The Abraham Geiger College, which was chartered by liberal Jewish groups, ordained its first three rabbis last September. Meanwhile, the Berlin yeshiva with its debating young men is sponsored by the Ronald S. Lauder Foundation. It hopes to ordain its first rabbis in about a year.

Additionally, the College of Judaic Studies in Heidelberg, which has offered degrees in Jewish Studies since the ’70s, plans to graduate its own rabbis in six to seven years.

It’s a turnaround. Once numbering around 600,000, Germany’s Jews were nearly exterminated during the Holocaust. After the war, survivors fled. A brief influx of refugees brought the Jewish population to about 25,000.

But many of those refugees set down roots in Germany. When communism fell in Eastern Europe, the German government liberalized immigration laws for Jewish citizens of the former Soviet Union. Moving to Germany was sometimes easier than emigrating to Israel.
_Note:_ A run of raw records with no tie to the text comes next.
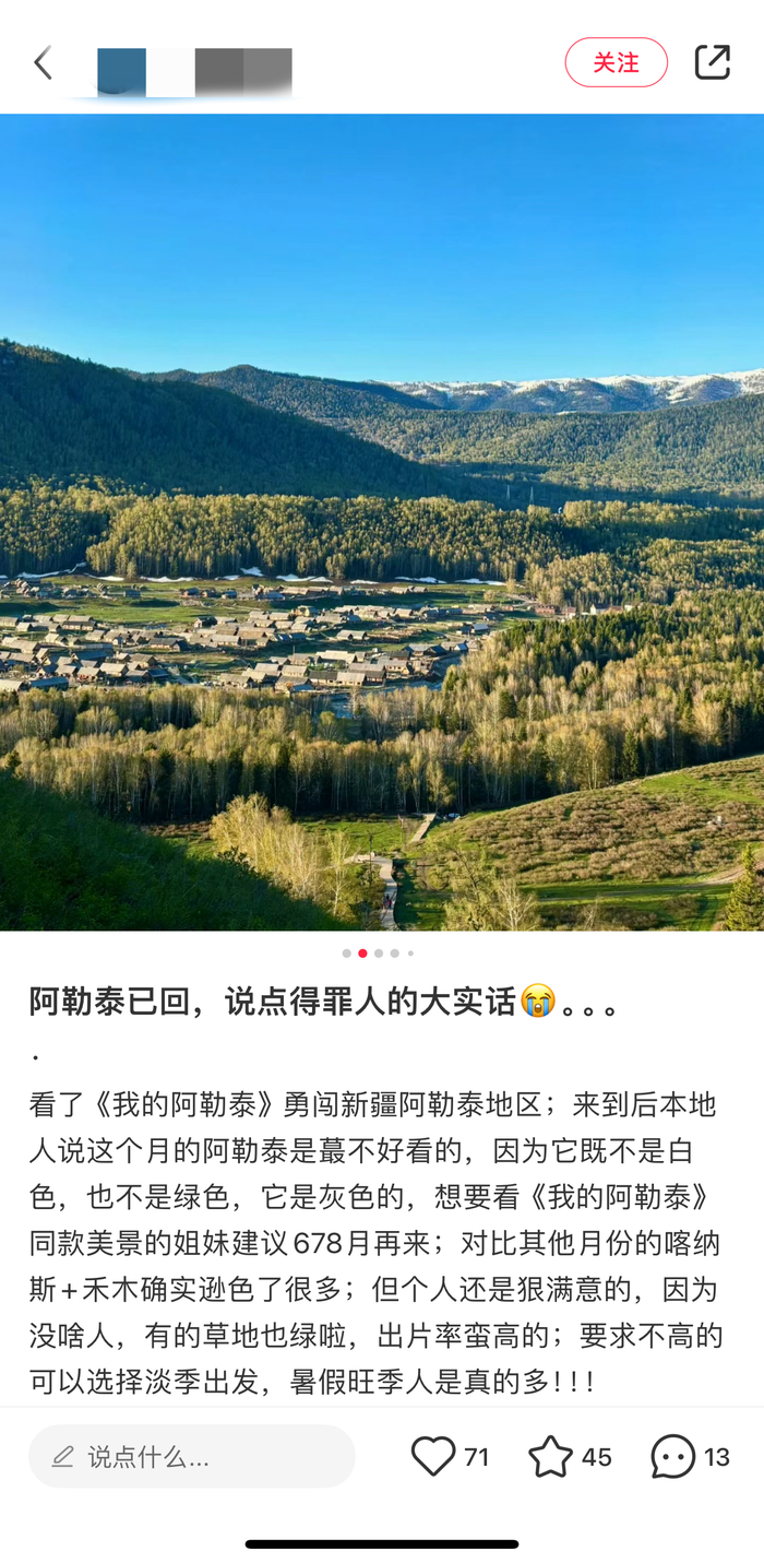 值得一提的是,在社交平台上,也有不少“第一批”前往阿勒泰的网友表示当前的景色并不像电视剧里那么好看,建议等到暑期再来。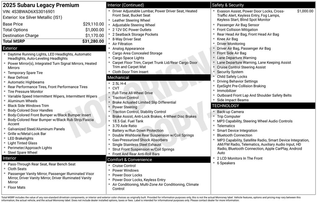 Discover the perfect balance of style, performance, and technology in the 2025 Subaru Legacy Premium. Experience the difference that a well-equipped, one-owner sedan can make in your daily commute and weekend adventures. Visit our showroom today to take this exceptional vehicle for a test drive and see how it can elevate your driving experience.
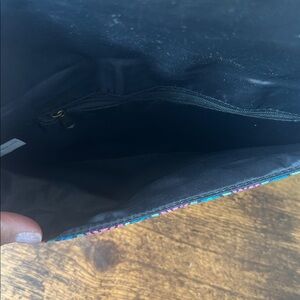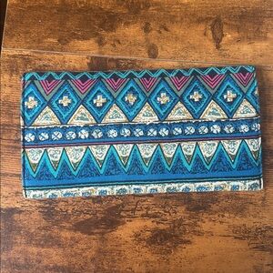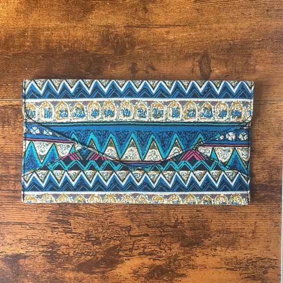 Vibrant clutch with geometric patterns. Features blue, gold, and pink accents. Perfect for any occasion.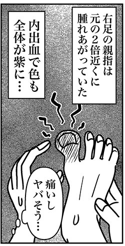 サイゾーウーマンカルチャーマンガアラフォー婚活、親指が紫色に…… カルチャー まんが『オバサンと言われても結婚したい!』250話 【アラフォー婚活ルポ】親指が紫色に……海外でケガをする大変さを実感 2023/07/02 13:30 白戸ミフル(マンガ家) オバサンと言われても結婚したい! ――合コン歴20年以上、累計回数2,500回以上、30代なかばに乳がんで闘病するも、現在は絶賛婚活中のライター・漫画家の白戸ミフルが「アラフォー婚活」の実体験をほぼリアルタイムでお届けします! アラフォー中の結婚は成就するのか……!? 【前回まで】 20代男子にセフレにされかけた痛い経験をバネにして「婚活の鬼」になった私。マッチングアプリを中心に行動中! 連休を利用して韓国旅行に行ったものの、ユニットバスで足の指をぶつけ薬局で看てもらうことに。海外でケガをする大変さを痛感する……。 250話『親指が紫色に……海外でケガをする大変さを実感』 次のページ 筋肉痛ではないが? 123次のページ 関連記事 【アラフォー婚活ルポ】アプリで出会った彼氏とスピード破局! イケメンだったのに惜しいことした?【アラフォー婚活ルポ】アプリ婚活を再開! コミュニティで共通の話題のある人を探す!【アラフォー婚活ルポ】なんつーイケメン!!! 銀座に降臨した美しき婚活男性【アラフォー婚活ルポ】39歳でフラれた私は「鬼」になった! 恋愛してやる!! 【アラフォー婚活ルポ】結婚相談所の紹介は○○……アラフォー3人、2021年の婚活を振り返る! その他の作品を読む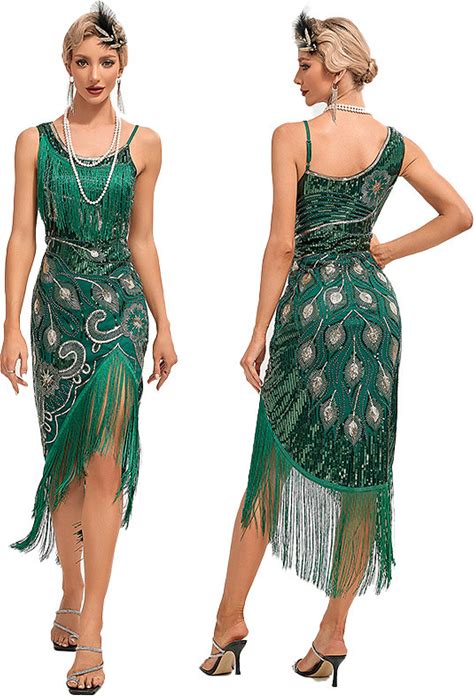 Roaring 20S 1920S Knee Length Dress Flar Dress Outfits Sleeveless The Great Gatsby Charleston Wedding Guest Sequins Tassel Fringe Feather V Neck Fancy
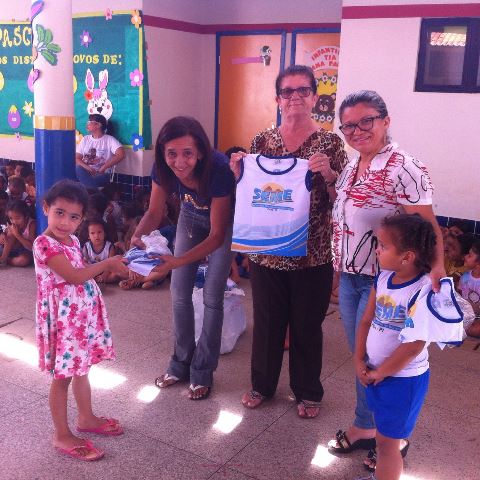 Ao todo 13.910 fardamentos estão sendo entregues, 5.320 shorts e 8.590 camisetas. Os alunos que estudam até a 4° série receberão fardamento completo, com short e camiseta, a partir da 5° série os alunos vão receber somente a camiseta.
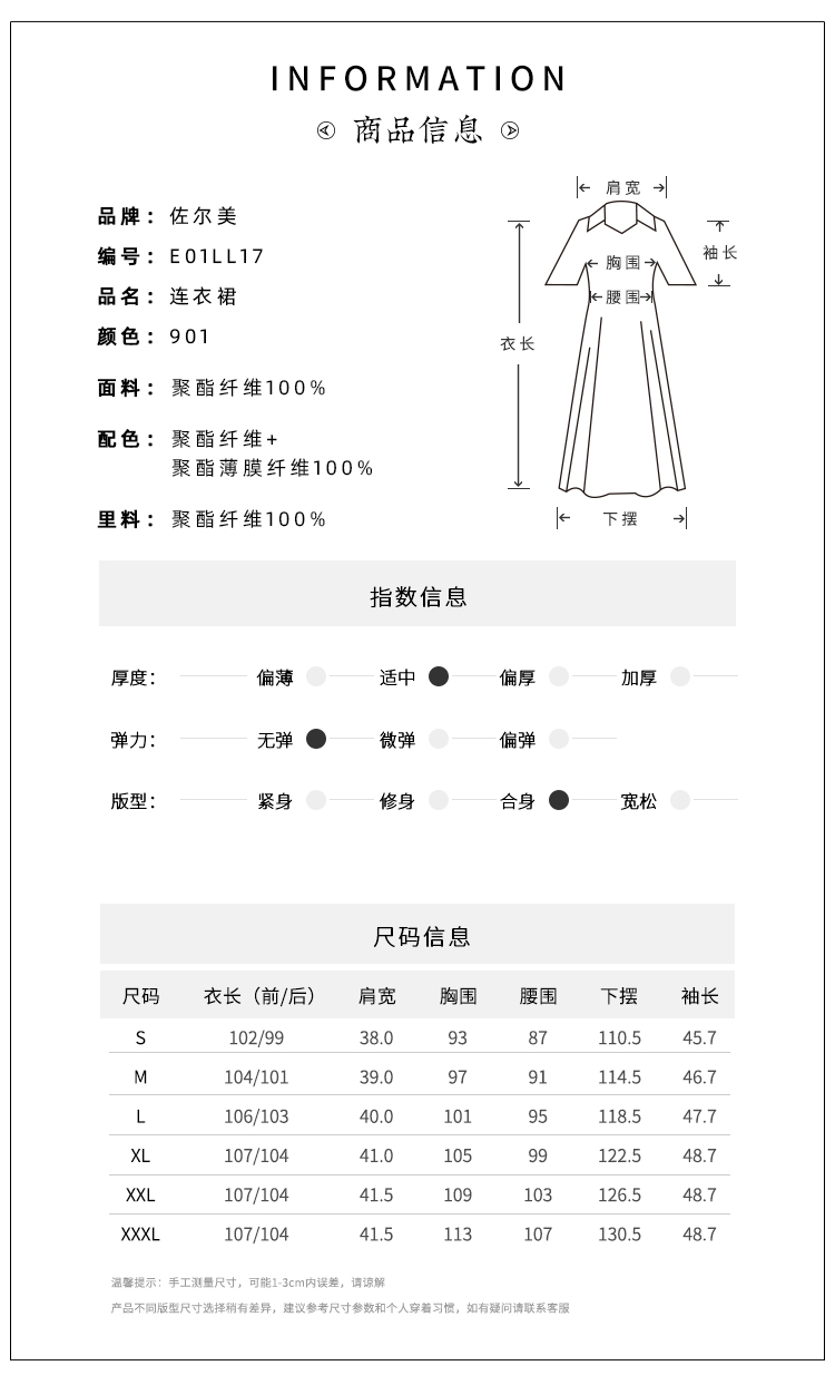 佐尔美年中女装碎花休闲修身显瘦九分袖连衣裙中裙E63LL03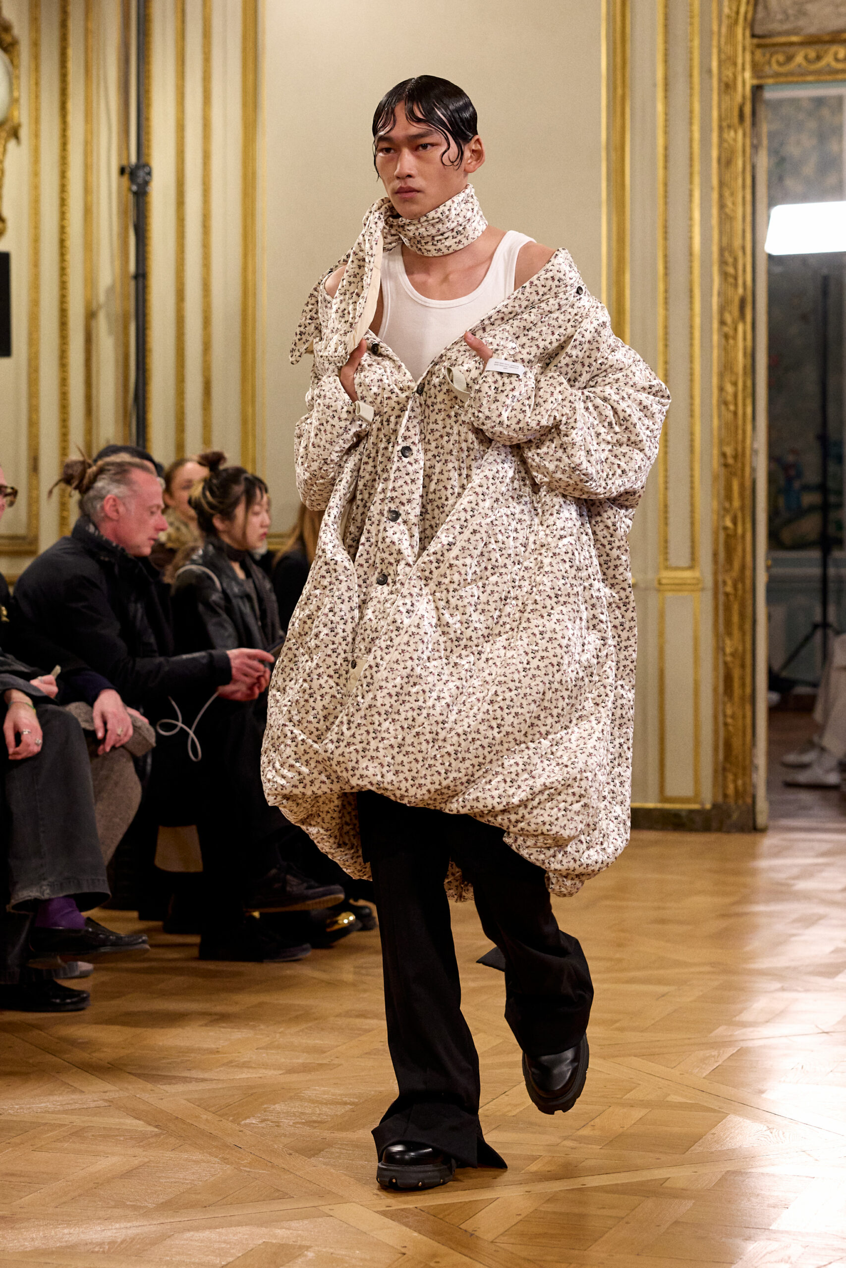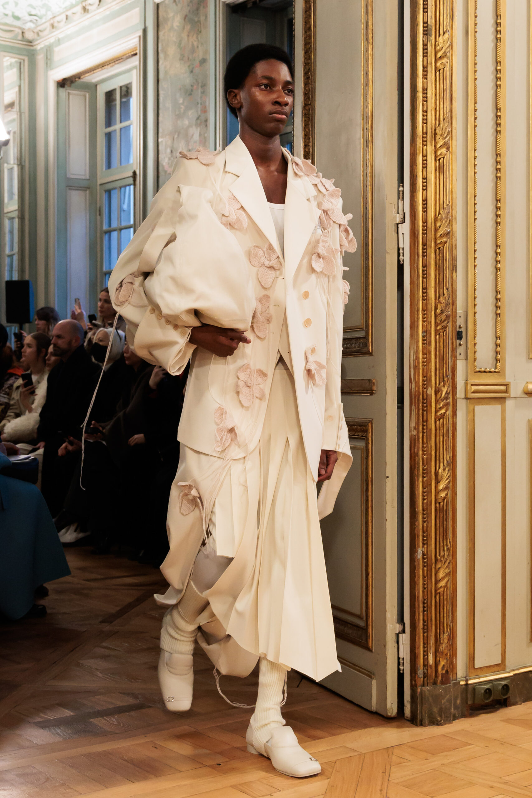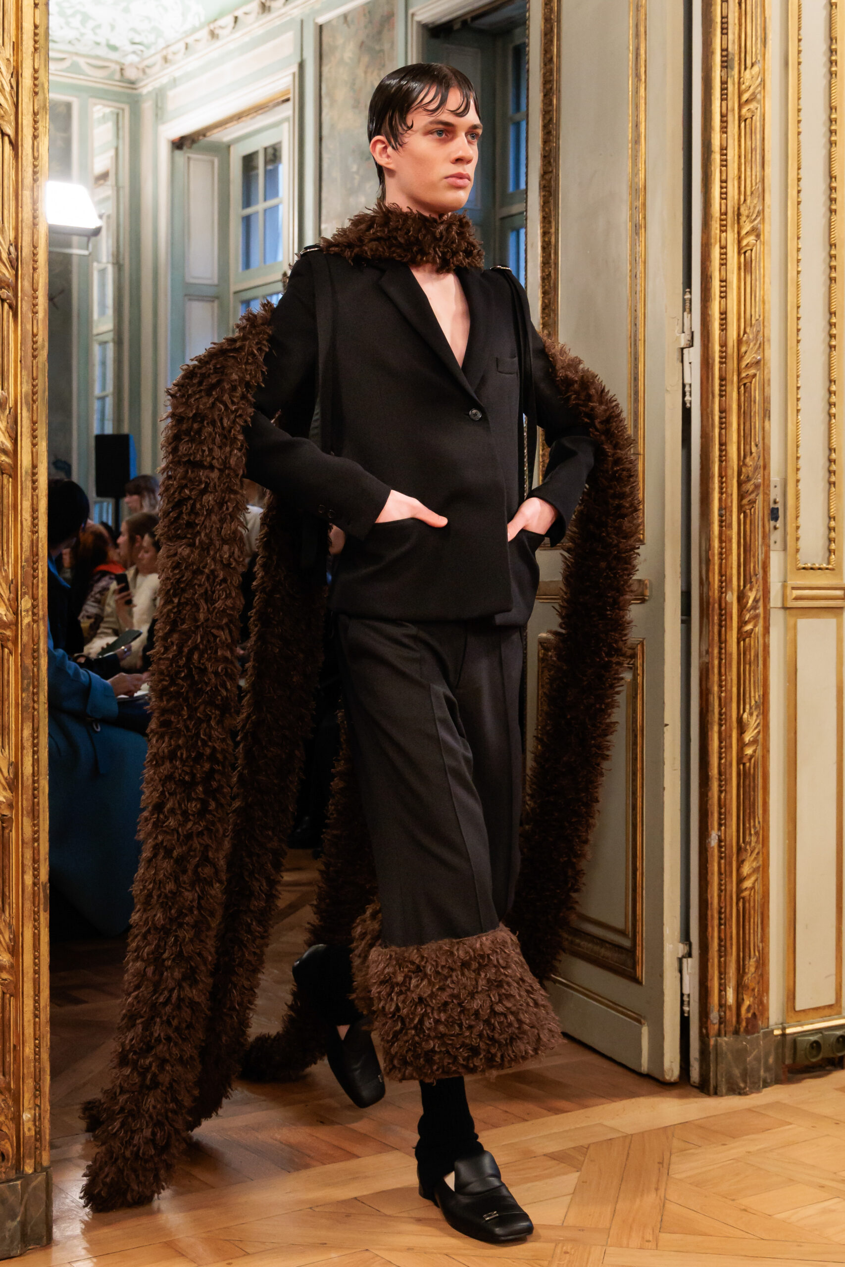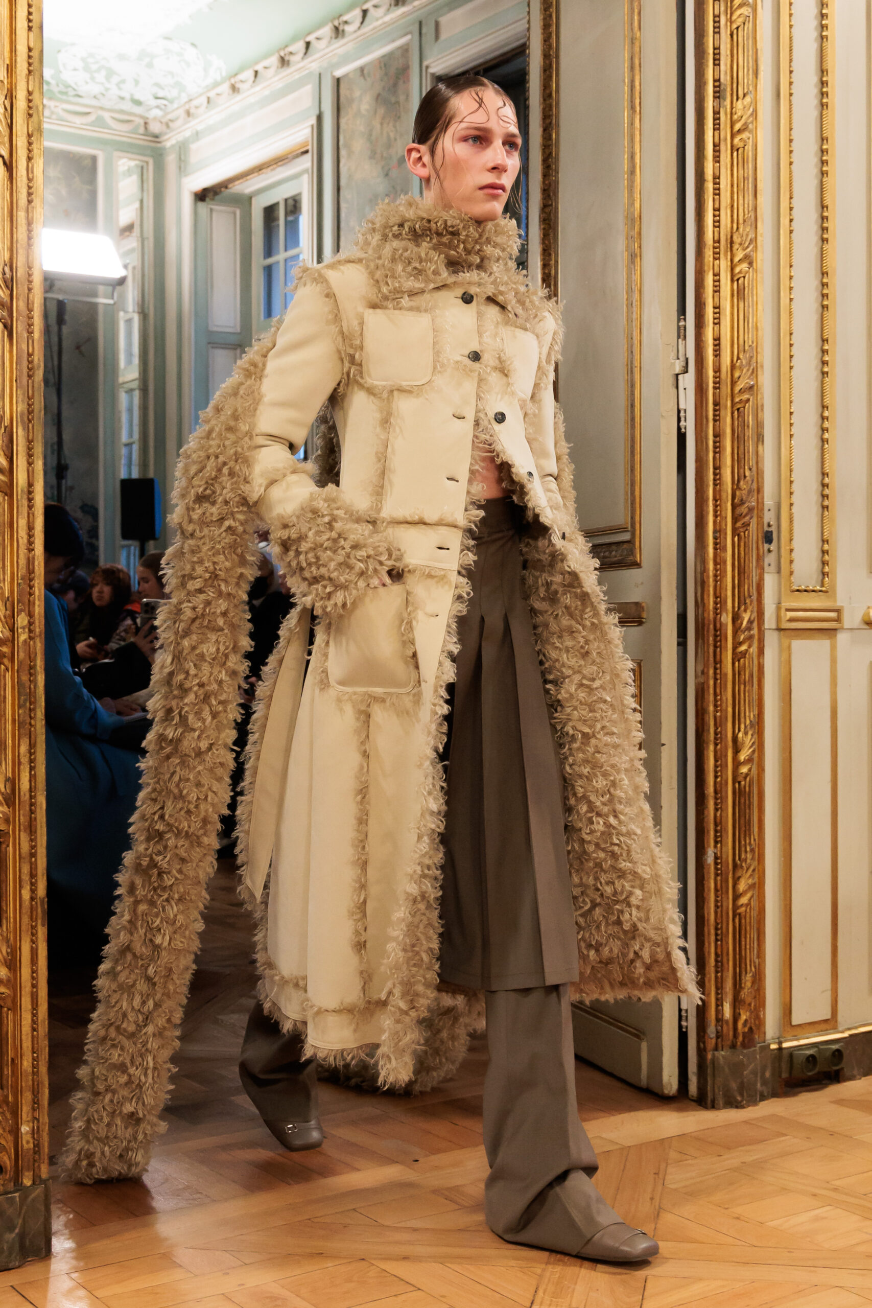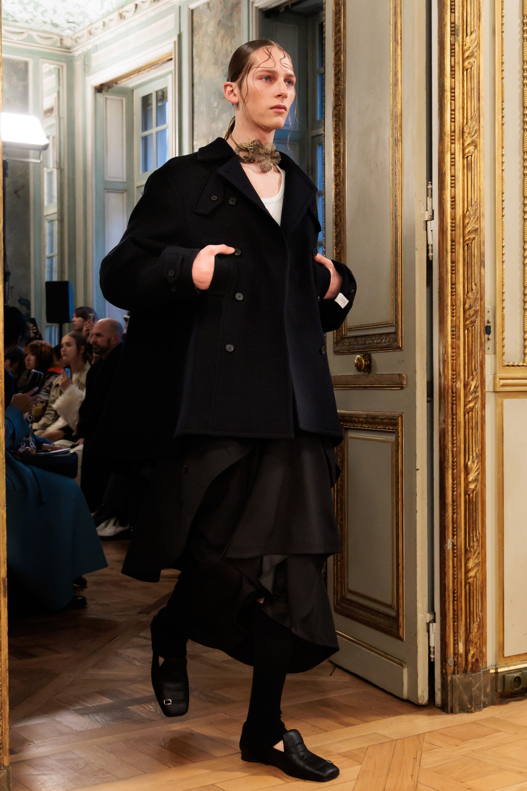 Tout au long de la collection, les vêtements subissent une transformation, avec des manteaux qui se transforment en vestes et des trench-coats qui se mélangent avec des manteaux formels grâce à des techniques innovantes de coupe de patrons et de drapage à la main. Ces pièces, imprégnées de taille sartoriale, témoignent de l’engagement de Rokh à repousser les limites de la mode tout en honorant les traditions intemporelles.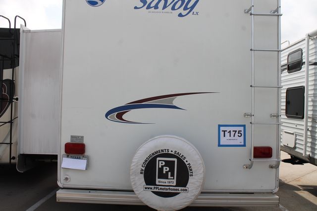 This 2008 Savoy Lx has the popular front kitchen floor plan and private rear Master Suite. Features include....Electric Tongue Jack, 2 Slide-outs, 2 Non-Ducted Air Conditioners, Double Door Gas/110V Refrigerator, Main Awning, 1 Piece Washer/Dryer, CD Radio, 2 TVs, DVD Player, Outside Shower, Microwave, 3 Burner Range and Oven. This Savoy could be your next home.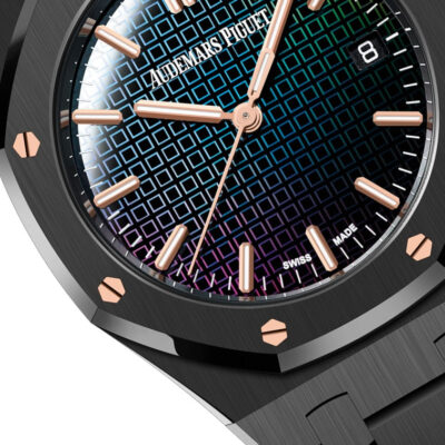 Unworn Audemars Piguet Royal Oak SELFWINDING 77350CE.OO.1266CE.02.A. 34 mm, Rainbow-coloured sapphire dial with polished mirror effect showcasing the Tapisserie geometry, pink gold Royal Oak hour-markers and hands, Black ceramic case, glareproofed sapphire crystal and titanium sapphire caseback, 5800 calibre, Selfwinding movement, 28 jewels, Black ceramic bracelet with AP folding clasp. Water resistant to 50 m.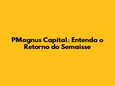 PMagnus Capital: Entenda O Retorno Do Semaisse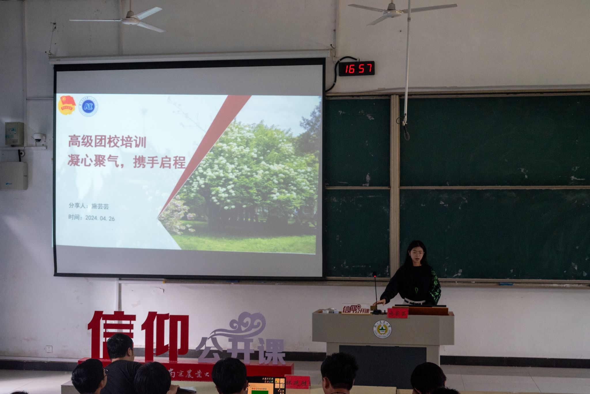 团委于2024年4月26日在浦口校区勤学楼举办了信仰公开课系列高级团校培训之“凝心聚气,携手启程”团队建设和职能传承分享交流会。人文与社会发展学院本科生辅导员林延胜,中文色情

Germany’s Jewish population quickly swelled to about 225,000, but tensions followed. Many German Jews had become largely secular, maintaining Jewish organizations more for social than religious purposes. Many of the new immigrants were also secular, having claimed Jewish origins to help them escape the former Soviet Union. At times, the groups did not mesh well.


And it meant that new rabbis might not only face congregations unfamiliar with traditional Jewish rituals, but congregations that didn’t even speak German.

Kramer says only about 80,000 people are officially registered with the German state as Jews, organized into about 100 communities. Only about a third of those congregations have full-time rabbis.

During the Cold War, many existing Jewish communities flew in rabbis from Israel for special ceremonies, often at exorbitant prices. Many of those rabbis faced complaints from their colleagues at home, who could not understand how they could travel to the country where so many Jews had died.

“It does not work well,” Homolka says of the rabbi shortage. “It worked before because congregations were considered more social organizations for people who had found themselves stuck in Germany.”

Beis Zion began in 2000 as a way to allow Jewish men to study religious texts. At first, there was no plan to train rabbis. But when leaders saw potential in some of their students, they created a second track toward ordination.

Still, there are hurdles, says Josh Spinner, vice president of the Lauder foundation, who raises funds for the school. Many times, he says, older people simply will not donate money to an operation in Germany because their memories of the country are too dark.


On top of that, the schooling has its own hurdles, since so few students ever had formal training in Judaism. “We’re a special-needs yeshiva,” Spinner quipped, comparing the program to making concert pianists of a 20-year-olds who have never studied music.

Nonetheless, Spinner, who is a rabbi himself, says he’s proud of his students’ achievements. But he always has to fight perceptions that German Judaism is not quite as well formed as in other regions.

“Our problem primarily is one of perception,” he said. “Our goal is not `Oh, for Germany, that’s not too bad.’ That’s not acceptable.”